“On the implausibility of the explosives plot”

Perry Metzger wrote a fascinating post on Interesting-People about the difficulty of using liquid explosives — and pointing out that you’d also have to forbid many other substances to get that job done.

So, lets say you have your oxidizer mixture and now you are going to mix it with acetone. In a proper lab environment, that’s not going to be *too* awful — your risk of dying horribly is significant but you could probably keep the whole thing reasonably under control — you can use dry ice to cool a bath to -78C, say, and do the reaction really slowly by adding the last reactant dropwise with an addition funnel. If you’re mixing the stuff up in someone’s bathtub, like the guys who bombed the London subways a year ago did, you can take some reasonable precautions to make sure that your reaction doesn’t go wildly out of control, like using a lot of normal ice and being very, very, very careful and slow.

On an airplane? On an airplane, the whole thing is ridiculous. You have nothing to cool the mixture with. You have nothing to control your mixing with. You can’t take a day doing the work, either. You are probably locked in the tiny, shaking bathroom with very limited ventilation, and that isn’t going to bode well for you living long enough to get your explosives manufactured.

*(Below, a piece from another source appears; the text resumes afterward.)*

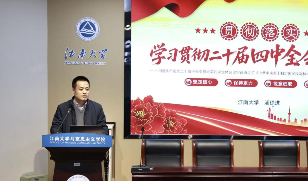 为深入学习宣传贯彻党的二十届四中全会精神,引导学院教职工深刻领会、准确把握全会精神,12月24日,马克思主义学院举行学习贯彻党的二十届四中全会精神宣讲报告会,江南大学党委宣讲团成员、商学院院长浦徐进教授作专题报告。学院党政领导班子成员、全体教职工参加报告会。报告会由马克思主义学院院长侯勇主持。

We’re stopping people from bringing on board wet things. What about dry things? Is baby powder safe? Well, perhaps it is if you check carefully that it is, in fact, baby powder. What if, though, it is mostly a container of potassium cyanide and a molar equivalent of a dry carboxylic acid? Just add water in the first class bathroom, and LOTS of hydrogen cyanide gas will evolve. If you’re particularly crazy, you could do things like impregnating material in your luggage with the needed components. Clearly, we can’t let anyone carry on containers of talc, and we have to keep them away from all aqueous liquids.

One thought on ““On the implausibility of the explosives plot”

  1. My understanding, which is as sketchy as Metzger’s but without the science background, is that the would-be London terrorists had rigged shampoo bottles and the like to have multiple compartments inside. Chemicals which are not dangerous on their own would be stored in the compartments and then mixed all at once by collapsing the compartments. What he’s written here doesn’t seem to invalidate that theory, although I certainly can’t claim to verify it with my limited knowledge. I should also point out that you don’t need a major explosion to bring down a plane – simply starting a hard-to-control fire seems like it might be enough.

    As for the rest of the post, he unfortunately reverts back to the trifecta of twisted logic that has clouded this debate since 9/11/01:

    1) It’s so easy to get a bomb on a plane that we shouldn’t bother checking.
    2) Bombs on planes are so rare (rarer than death by heart disease, traffic accidents, you name it), that we shouldn’t bother checking.
    3) Our methods of checking are so ineffective that we shouldn’t bother checking.

    First of all, #1 and #2 both sound true, but are diametric logical opposites, proving that one can make any statement sound true if he/she really wants to. Second, there’s the implicit (and false) assumption that we shouldn’t protect ourselves from things that happen infrequently. If that were true, there wouldn’t be traffic lights at rural intersections, homes wouldn’t have burglar alarms, and restaurants wouldn’t have first aid kits. I mean seriously – you’re more likely to die in your bathtub, right?

    As for #3, most airport security measures are not implemented to stop every bomb or catch every terrorist. They’re implemented as a show of force – an attempt to tip the risk/reward calculation in the terrorists’ minds away from attacking airports, and a way to make the passengers feel safer before getting on the plane. And if you think passenger comfort isn’t part of what the airlines are selling…

    What bugs me about the latest round of restrictions is the explicit list of exceptions we published along with the rules. If you’re going to announce that all liquids are banned except if they’re in a baby bottle or a prescription bottle, then you’re actually lowering the risk for a terrorist. All one has to do is put their little concoction in one of those two containers, and they’re almost guaranteed access to the plane.